Friday, December 30, 2016

OCT - Oryx and Crake

October review for Eclectic Reader's Challenge 2016: Oryx and Crake by Margaret Atwood, 2003. [Man Booker Prize Shortlist category]


I'm not even sure how to start writing about Oryx and Crake. It is a strange book, not that I expected anything less from Margaret Atwood. The Handmaid's Tale has long held a spot atop my list of favorite feminist fiction, and I've been interested to see what else Atwood can do. Oryx and Crake has been described as post-apocalyptic, speculative fiction, adventure romance, and a number of other things, and it is the idea of "speculative fiction" that I think I got hung up on the most. Atwood has a way of resonating even today; I re-read Handmaid's Tale during the Obama-Romney election of 2012 and it was chilling in the context of the reproductive rights fight. Reading Oryx and Crake and then thinking about it in these post-election weeks (yes, super late review) was chilling in a different way. In this dystopia, science is paramount and genetic engineering rules (ruled) the world. The narrator, Snowman, is ostensibly the only human of his kind left as he relates his life and the catastrophe that brought him to this moment, living mostly in a tree and acting as a sort of half-assed prophet to the newly synthesized Children of Crake. He tells of his old friend whom he refers to as Crake, how he climbed the scientific ladder at a genetics corporation and created these new beings devoid of emotion and sexual drive. The possibility of this future is not necessarily what chills, instead it is the possibility of its decline under the next presidency. Science may not be on the top of the agenda in Trump's America and while we may avoid bringing about Oryx and Crake, we may be on the precipice of a dystopia of another kind. 

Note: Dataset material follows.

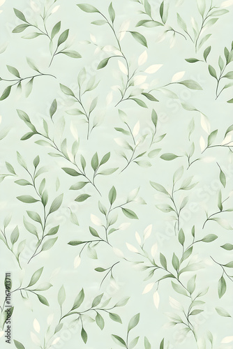 Fototapeta premium Delicate Leaf Patterns on Pastel Green: A Harmonious Nature-Inspired Design for Serene Spaces
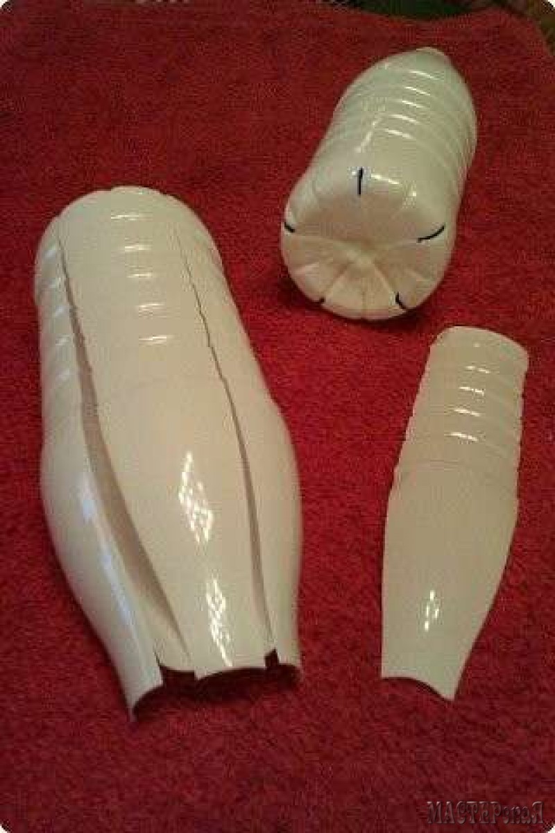 Для изготовления "ляжек", вырезаем среднюю часть бутылки, разрезаем ее пополам. Из полученных прямоугольников складываем конвертики.

At any rate, back to the narrative. The most controversial aspect of Snowman's tale is the genetic engineering, the idea of "playing God," and "how much is too much, how far is too far?" (p206).  The truth is that most of today's technology could fall under the scope of "playing God" in some indirect manner or another, from modern medicine to weather apps, and but the "how far is too far" is quite apropos, placing the impetus on the individual. After all, "God is a cluster of neurons, he'd maintained," Snowman says of Crake's philosophy. "The whole world is now one vast uncontrolled experiment." (p228) What is the future without innovation and drive?

Snowman/Jimmy often talks about his love of language, how early on he had collected old words, "He developed a strangely tender feeling towards such words, as if they were children abandoned in the woods and it was his duty to rescue them." (p195) One of my favorite parts of the book, when I felt the most aligned with the narrator, who spent a portion of his post-graduate life as a glorified copywriter for a drug company, fomenting the change in lifestyle brought about with science as paramount. It is a slight nod to the future we find Snowman in, the last of his kind, trying to remember the names of everyday objects to keep himself sane, forcing himself to "Hang on to the words... When they're gone out of his head... they'll be gone, everywhere, for ever. As if they had never existed." I am hoping to collect such words, such books, to keep them for myself and for posterity.

I am unsure how to end this post, or what it was even about in the first place, but that is pretty much how I felt when I finished Oryx and Crake, so I guess it's in keeping with the narrative.